2Le propos de ce numéro est d’avancer dans la compréhension de ce que ces parents et ces enfants mettent en jeu, en place, inventent pour vivre le moins mal possible en étant mis, en se sentant mis à la marge. Il s’agit aussi de se demander si la marginalité du couple parental entraîne nécessairement celle de leurs enfants. Il est tout aussi indispensable de se demander comment les professionnels agissent, sont mobilisés sur le plan contretransférentiel par ces familles. Le plus souvent, leur intervention suppose un aménagement du cadre de travail et une mise en tension de ces situations avec les théories et les praxis. Ces familles questionnent nos idéaux, nos préjugés individuels et institutionnels qui fondent et organisent les dispositifs de prévention et de soin.

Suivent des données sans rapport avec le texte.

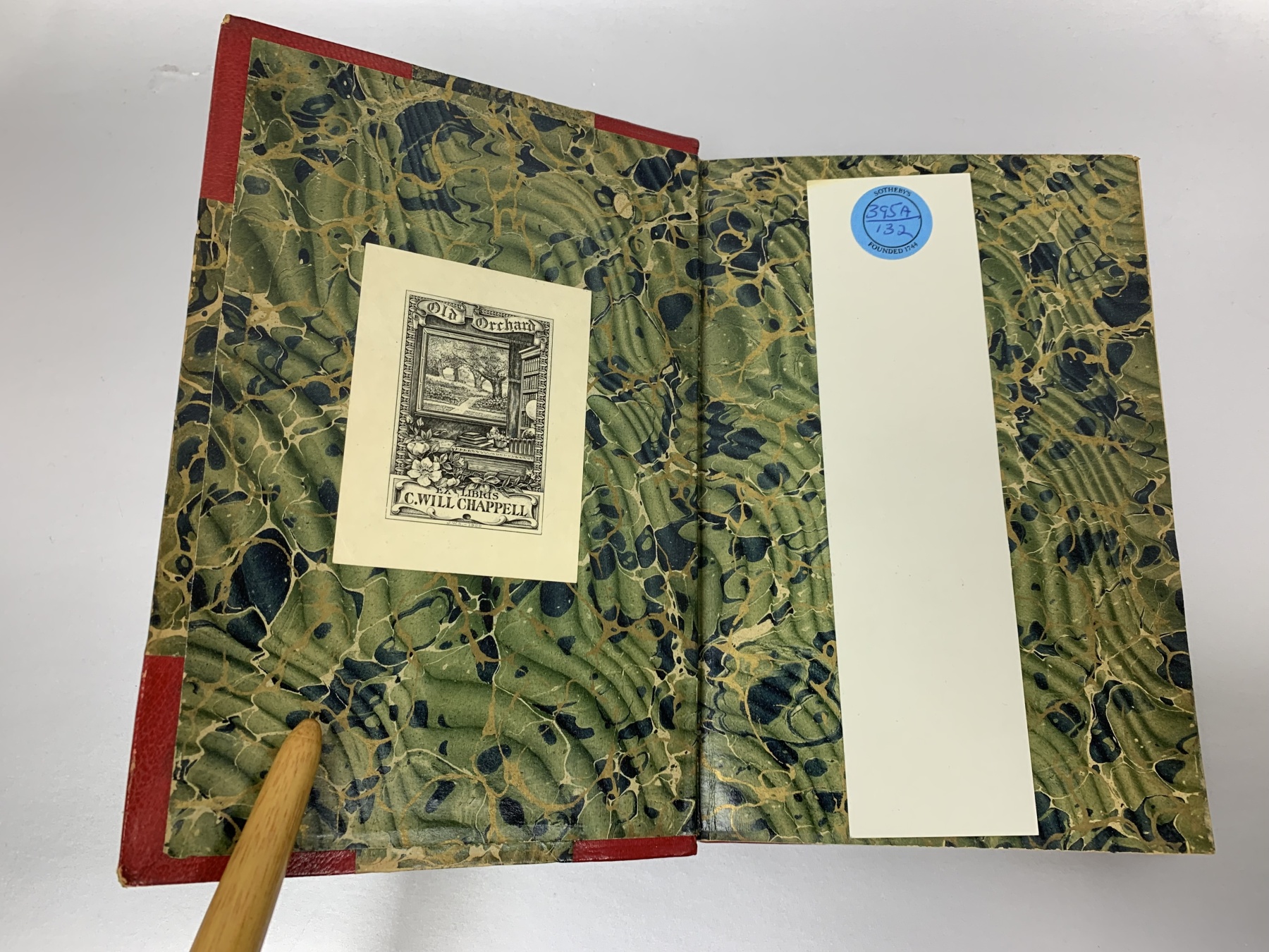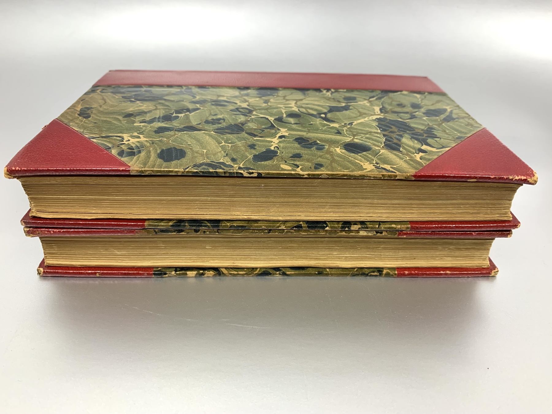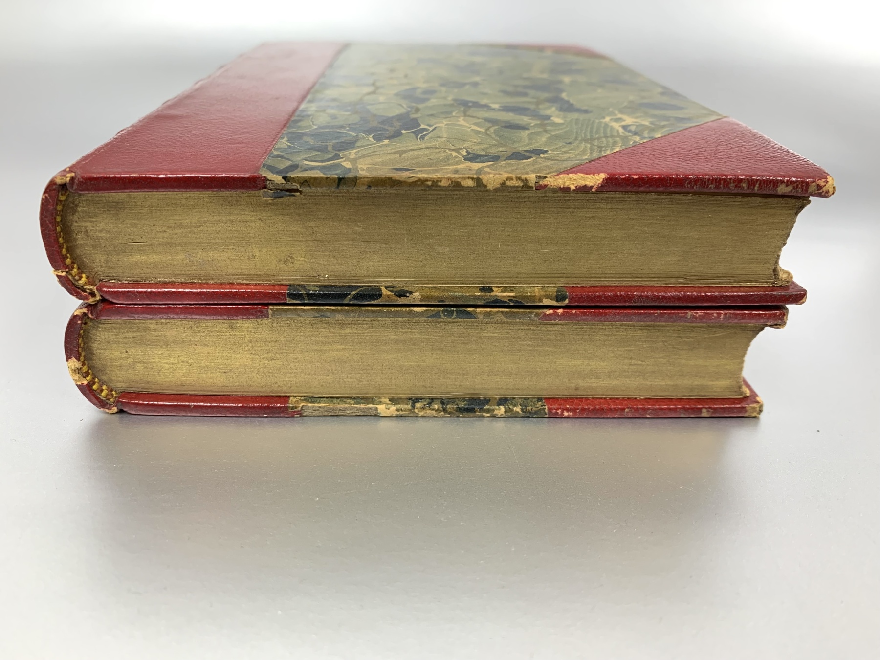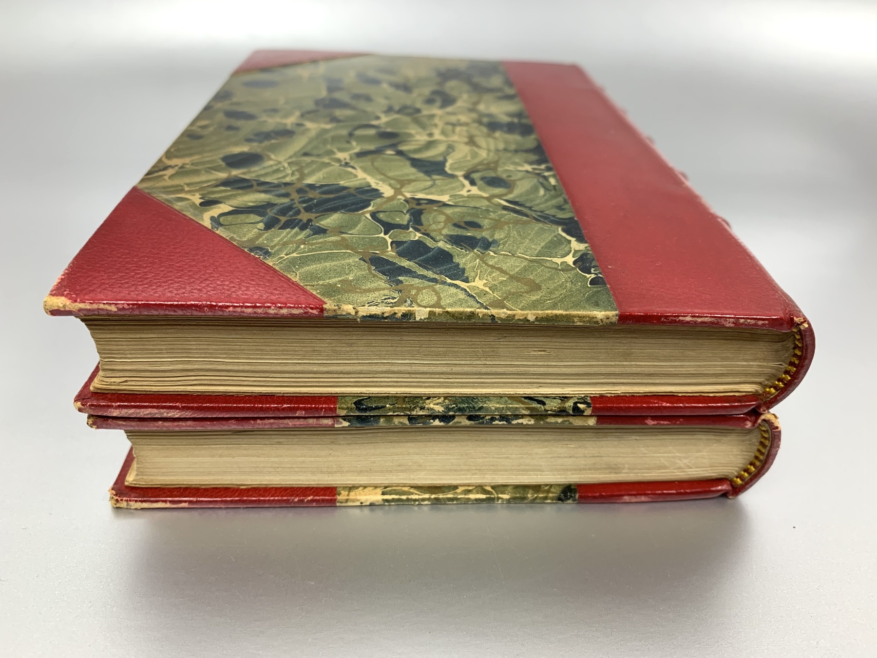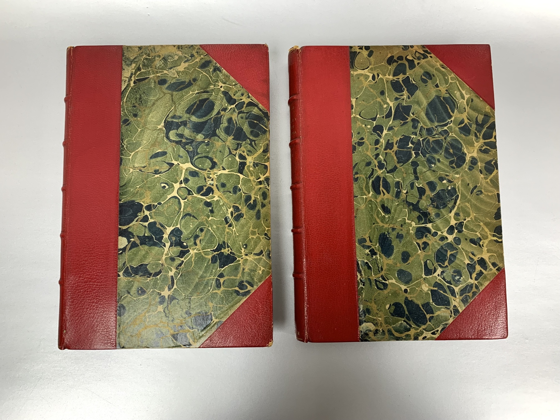 Two volumes with gilt decorated red leather, top edge gilt, marbleized boards with red leather corners, marbleized end-wraps. One book with a Sotheby's bookmark/auction sticker.

3Ces parentalités interrogent la notion de marge et son envers, la norme. Car ce qui est à la marge ici, à ce moment-là, peut devenir la norme ailleurs, à un autre moment. Par exemple, la monoparentalité, au fil du temps, s’est accompagnée d’une évolution des représentations, ce qui a conduit à ne plus la considérer aujourd’hui comme étant à la marge, hors des normes. Cela s’explique en partie par le fait que les familles monoparentales sont de plus en plus nombreuses. Ce qui est « normal », « dans la norme » serait-il ce qui est fréquent ou dans une moyenne statistique ? Cette idée est évidemment difficile à soutenir.
4Les écarts à la norme et la norme peuvent être pensés avec un cadre d’interprétation et de travail s’appuyant sur une interrogation sur la santé, la qualité de vie et la psychopathologie et/ou à partir d’un cadre sociologique, économique et/ou dans une perspective politique.
5Le sommaire de ce numéro de Dialogue est donc logiquement interdisciplinaire tout en restant centré sur la clinique du quotidien avec ces familles, ces parents, ces enfants dits, perçus ou se vivant « à la marge ».
6Une des formes de parentalité à la marge rencontrées par les cliniciens est celle de femmes et d’hommes en exil ; le plus souvent il s’agit de mères isolées avec enfant(s) né(s) en France de pères loin de leur famille. Parfois les parents ont dû laisser un ou plusieurs de leurs enfants au pays dans des conditions sources de grande inquiétude pour tous. C’est le cas d’Amélia, mère angolaise de quatre enfants dont deux sont restés au pays, qui montre comment la parentalité est effractée dans au moins deux registres : au niveau intrapsychique par les effets post-traumatiques cumulés, au niveau intersubjectif et social par les pertes successives et la précarité de ses conditions de vie. Roselyne Boyet parle du travail clinique qu’elle a effectué avec Amélia et montre comment cette forme de parentalité à distance, bien qu’en marge des pratiques habituelles et des représentations ordinaires des professionnels, reste pourtant ce qui semble tenir à l’intérieur même des réaménagements psychiques identitaires imposés par l’exil. Les mouvements psychiques qui s’y déploient, sentiments de culpabilité, angoisses de mort impensables et clinique de l’enfant absent au travers de celui qui est présent, sont accueillis par le thérapeute au prix d’un travail contretransférentiel que Roselyne Boyet tente d’expliciter. La relation thérapeutique fonctionne dans ce cas comme une sorte de parentalité psychique permettant une réactivation de la fonction maternelle chez cette femme en détresse.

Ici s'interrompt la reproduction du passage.